Let's Talk About Silence
Silence. I’ve been thinking a lot about that word, especially because the phrase "silence is compliance" is something I have seen a lot over this summer. I don't believe all silence is compliance, but I understand where people are coming from with that phrase, and I understand the heart of it. I am reading a book in which the author was abused as a child repeatedly by her father. Her mother knew about it. Her mother was not the abuser, but she chose not to speak against it or do anything about it. The silence of her mother was something that caused deep pain in the author, in addition to the pain of the abuse from her father. In this instance, the silence of her mother gave way for the abuse of the father to continue, and surely we can see how silence felt like strong compliance here. There are countless other examples like this, and it is something I have to strongly consider when thinking about silence.
There are other considerations.
The Bible has much to say about silence. It talks about the wisdom of holding back when emotions are high and the temptation is to let all your thoughts and feelings pour out (Proverbs 29:11). It says that great error is at work when words are many, but those who hold their tongue are prudent (Proverbs 10:19). It talks about the great need to really hear before you speak (Proverbs 18:13). But it also talks about how there is a time to be silent, and a time to speak (Ecclesiastes 3:8). We are to speak out against evil (Eph 5:11), and speak up for the oppressed (Proverbs 31:9), and plead the widow’s cause (Isaiah 1:17). However, in doing so, the Bible is very clear on the manner in which we should speak: in gentleness (Galatians 6:1), with a listening heart that seeks to understand before speaking (Proverbs 18:13), and with the motivation to build up and impart grace even in correction (Ephesians 4:29). Obviously, these standards are for the Church and should not be expected from the world. But as someone who is a part of the Church I have been weighing all of this with care.

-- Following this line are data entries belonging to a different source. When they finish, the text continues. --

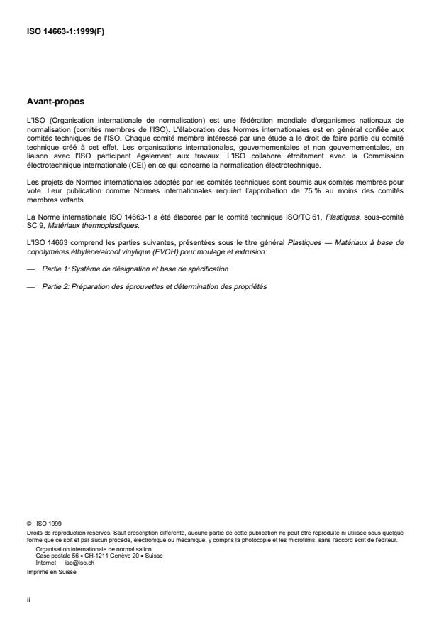 ISO 14663-2:1999, Plastiques — Matériaux à base de copolymères éthylène/alcool vinylique (EVOH) pour moulage
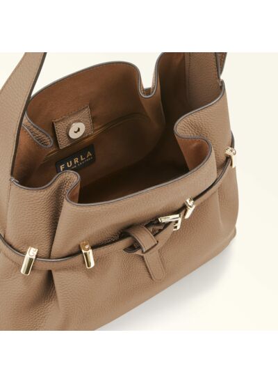 L’AURA M DRAWSTRING incarne l’élégance moderne avec une silhouette épurée et un jeu de textures sophistiqué. Ce sac Furla allie fonctionnalité et style pour sublimer toutes vos tenues.
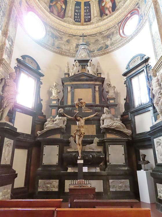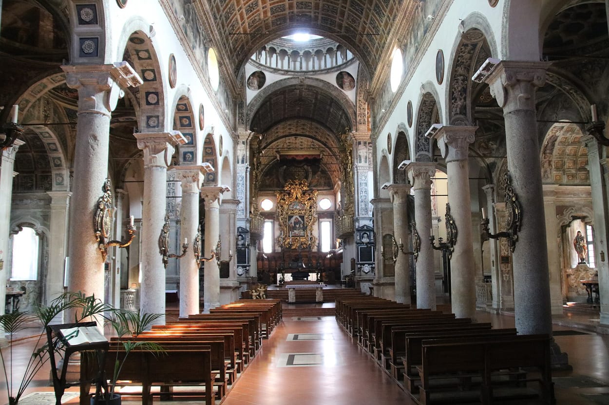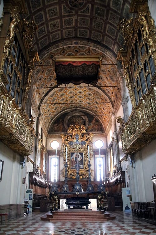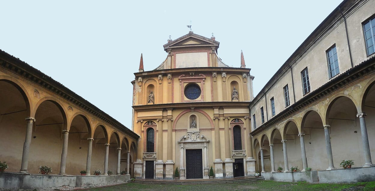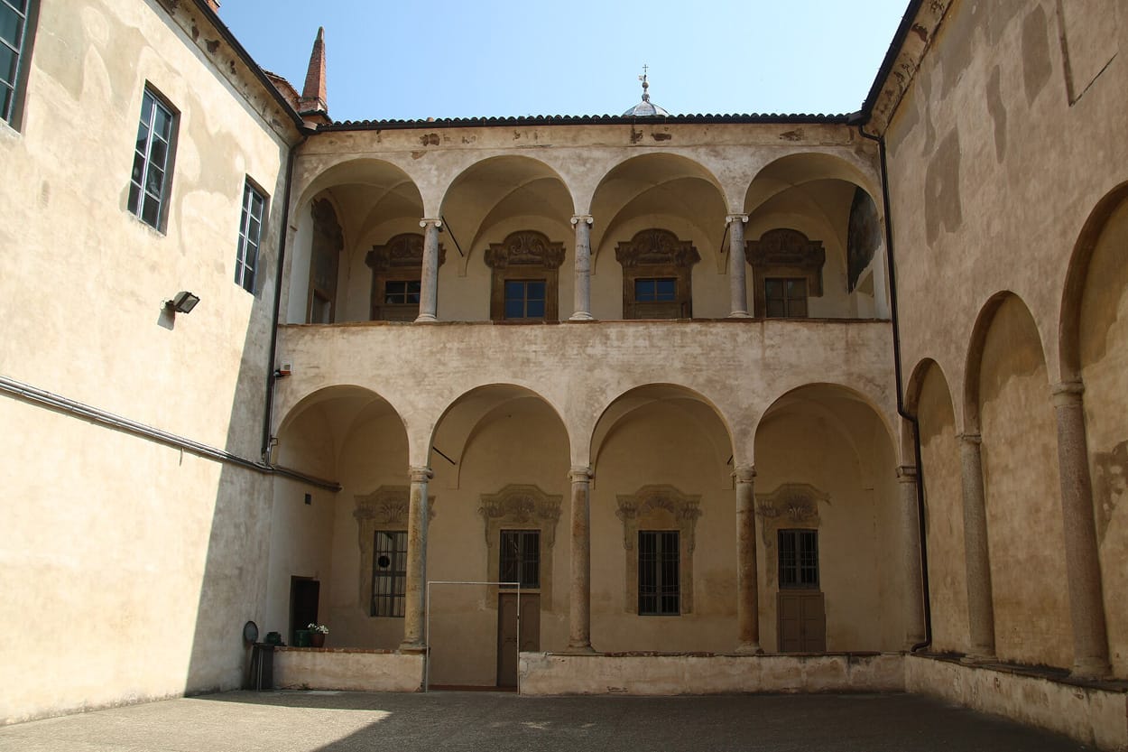 Il portale permette l'accesso al chiostro triportico realizzato nel 1576. Il portico è rivolto verso la porzione interna del sagrato per mezzo di archi a tutto sesto che appoggiano su esili colonne marmoree dotate di capitelli di ordine ionico. Ognuna delle colonne si basa su di un basso muretto che chiude continuativamente la porzione inferiore del portico, le cui campate sono dotate di volta a crociera.
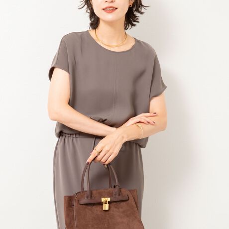 《セットアップ対応》ウォッシャブルダブルサテンフレンチブラウス

In the midst of all the tensions coming to a head in our country over the last four months, I mostly have chosen to take a break from posting online. This wasn’t because I didn’t care, didn’t have strong opinions on several matters, or because I am compliant to injustice in its many forms. I know from personal experience sometimes you just need to put a pin in it and “go to bed” to get some much needed rest before engaging in discussion where emotions are high and people (including yourself) are tired. Allowing for that space to ponder can bring much needed insight, perspective, awareness, and wisdom. It can move your personal pendulum (and the pendulum of your listener) from explosive and irrational to thoughtful and purposeful. Quite honestly, I felt like I needed more perspective, and the country needed a good night’s sleep.
I have been getting (and will continue to get) my directives from God on how to engage, stand for, and pursue healing on the issues gripping our country right now, specifically the need for racial healing, and how to seek out and live His justice. One of the main things that this has involved in this season has been a period of deep listening. Less speaking. Seeking to understand. Realizing my perspective is one tiny fraction of an ocean of reality. Humility. Overlooking offense. Extending rivers of grace in all directions because Lord knows I need it myself.
And to be honest, even though I felt Him inviting me to take a step back and listen, there were also times that I was wrestling with fear and confusion, and exhaustion from my own personal battles, so in those moments the silence slipped from a purposeful act of engaging elsewhere to an evasive cave to hide in. How easily this can happen.
I feel the invitation to begin showing up again in these formats, but it is not because of pressure from the masses that says if I care at all I need to be posting or doing xyz. My care in this season has looked like times on my knees in lament, scripture and heart-searching, hard conversations around the issue with folks black and white, intentional conversations with my kids, hosting and attending Zoom calls, and countless hours of reading and watching stories of people not like me. I have had incredible interactions and heartbreaking interactions. I had one of the most profound moments of love in Walmart where three people of color came to my rescue (after a glass bottle was shattered all around me) with such grace and nurture and assistance that literally after it was all done I went to another aisle and broke down in tears. I think I cried because all I want is for us to love and take care of each other like that, all of us, and I was longing for a better Kingdom. I want that Kingdom manifest in my heart, and I want it manifest in yours.
I think the Church is desperately needed in this hour. We have an opportunity before us to rise up and be at the forefront of a true stand for racial healing (not one convoluted with other agendas or fueled by rage). But we need to be fixing our eyes on Jesus, the ultimate Man of Justice. I would much rather be awakened by the Spirit than "woke” by a broken culture, but church, let us not be asleep. And if we’re silent at times, let it be motivated by love and purpose, not fear and complacency. And let it be because we are listening hard.